Время послевоенное. Мужчин мало. Полноценные женщины не могли найти пару, а тут – калека.
Тетя Рая сначала перебирала претендентов, выдвигала какие-то требования – например полный комплект рук и ног. Потом понизила критерий. Подходил любой.
Жили в одной комнате. Тетя Рая ставила ширму. Из-за ширмы доносились звуки любви. Зюма не могла спать. Невольно прислушивалась к шепоту. Тетя Рая каждый раз говорила, что «это» в ее жизни второй раз. Первый – был жених, погибший на войне.
Зюма возненавидела «любовь». Ей казалось, она никогда и ни за что не выйдет замуж. Восьмилетний Семик ничего не понимал, дурак дураком, спал по ночам как убитый. Учился плохо. Но – хорошенький, просто ангел. Зюма не могла спокойно смотреть на его личико, в ее душе звучал оркестр: серебряная арфа, трубы, скрипки. Она целовала его в широкие бровки. От него пахло лугом, и лесом, и немножко козликом.
Тетя Рая работала в парикмахерской. Она научила Зюму обращаться с волосами и ножницами.
Тетя Рая любила говорить: нет плохих волос и некрасивого лица, есть руки, растущие из жопы. Букву «о» она произносила мягко.
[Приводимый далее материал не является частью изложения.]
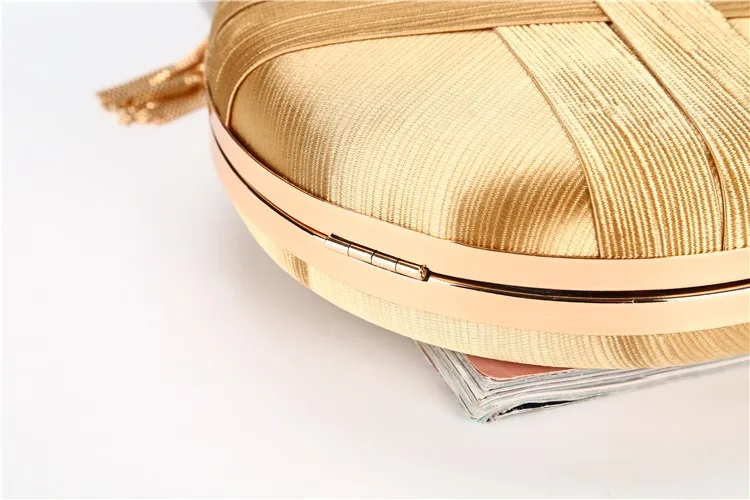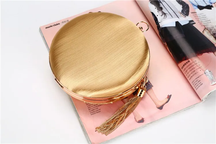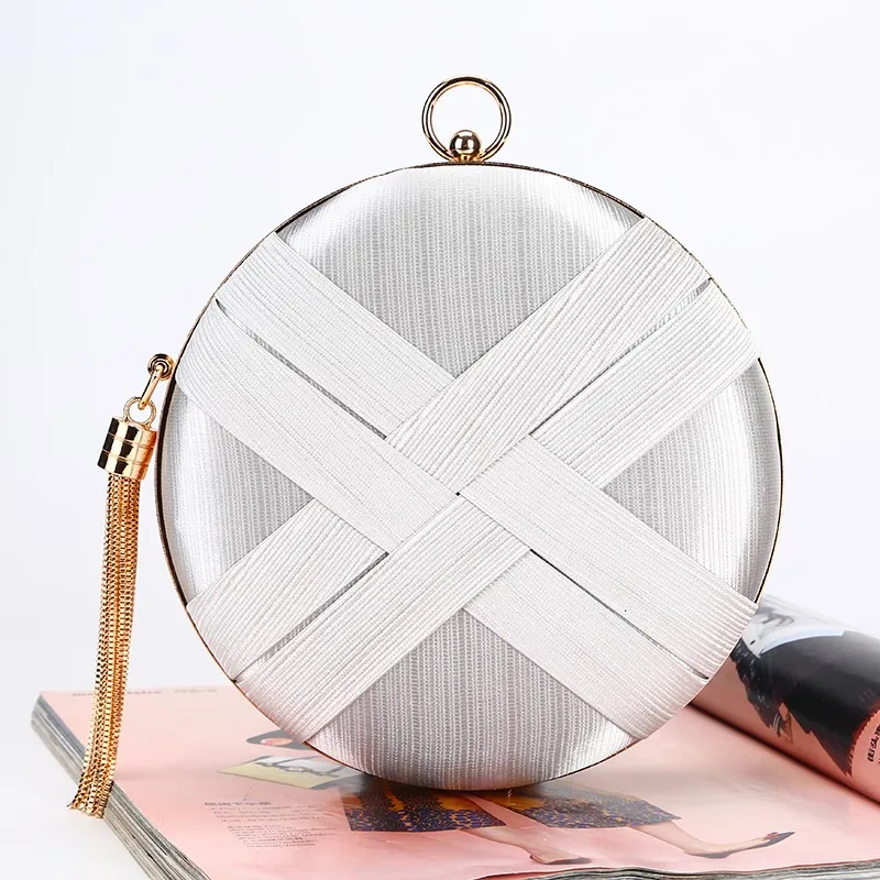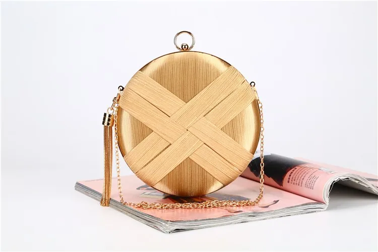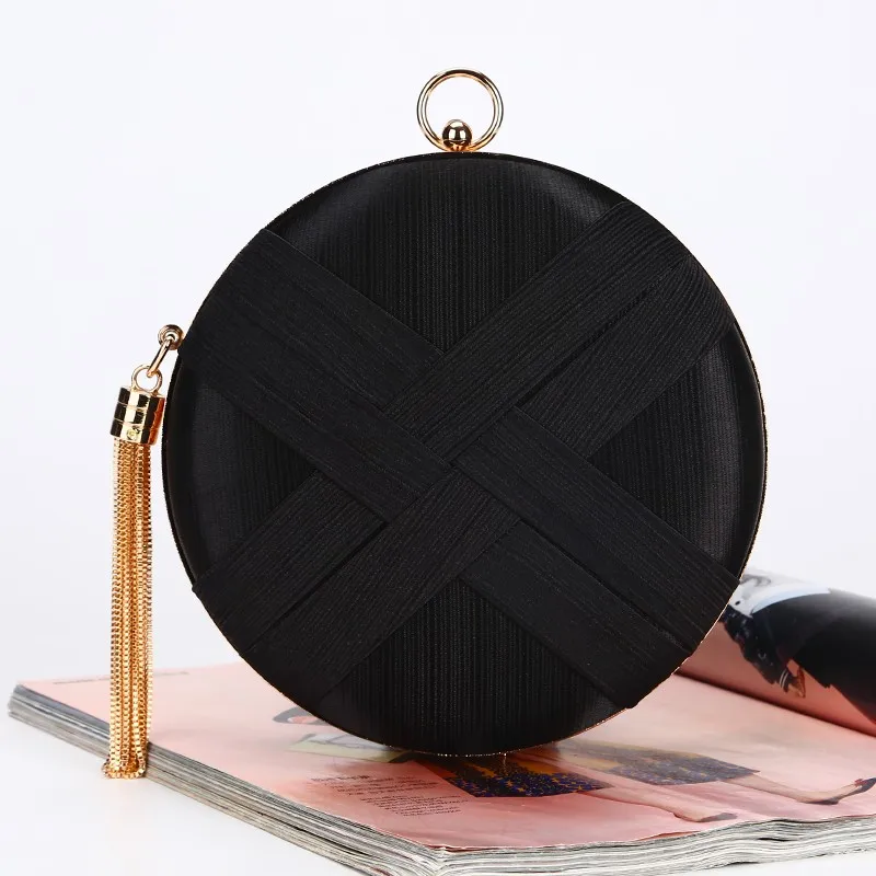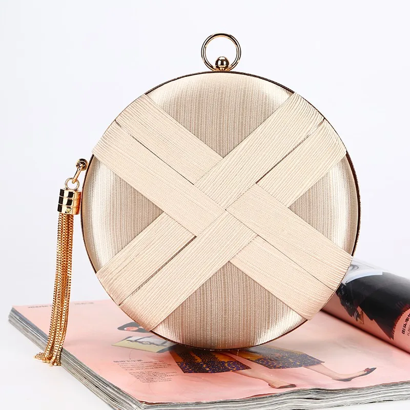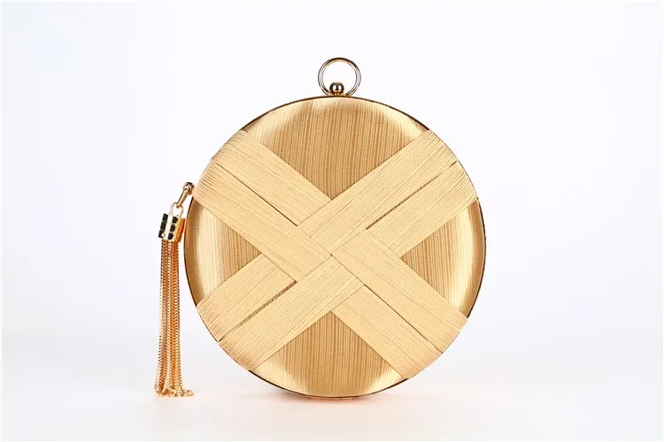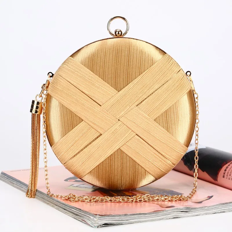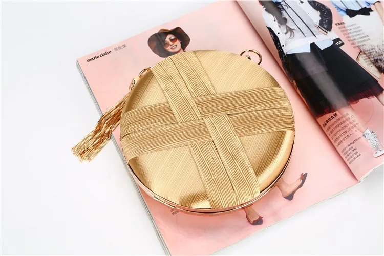 Sac de soirée rond en soie tissée, pochettes en métal à pompon, vente en gros directe d'usine, nouveau style, sacs à main pour femmes, fête, banquet, mariage

Зюме нравилось парикмахерское дело. Это практически творчество. В моду входили прически «венчик мира». Эту моду принес фильм «Римские каникулы». Потом пришла «Бабетта» с легкой руки Брижит Бардо. «Бабетту» сменила «колдунья», которую занесла в Россию Марина Влади: челка и прямые волосы до лопаток. А дальше – царица причесок каре.
Каре Зюма стригла, заканчивая педагогический институт, заочное отделение. Она продолжала стричь на дому, у нее была своя клиентура. В те годы такое частное предпринимательство – риск, могли стукнуть соседи. Риск, но и деньги. У Зюмы всегда были деньги, Семик всегда был модно одет. Когда вошли в моду джинсы, у Семика сразу появились джинсы «левис», а тете Рае купили плащ «болонья».
Тетя Рая замуж не вышла. Не взяли. Поток ее претендентов иссяк. Зато у Зюмы стали появляться поклонники. В основном это были иногородние студенты – бедные, плохо одетые и вонючие. Никуда не годились.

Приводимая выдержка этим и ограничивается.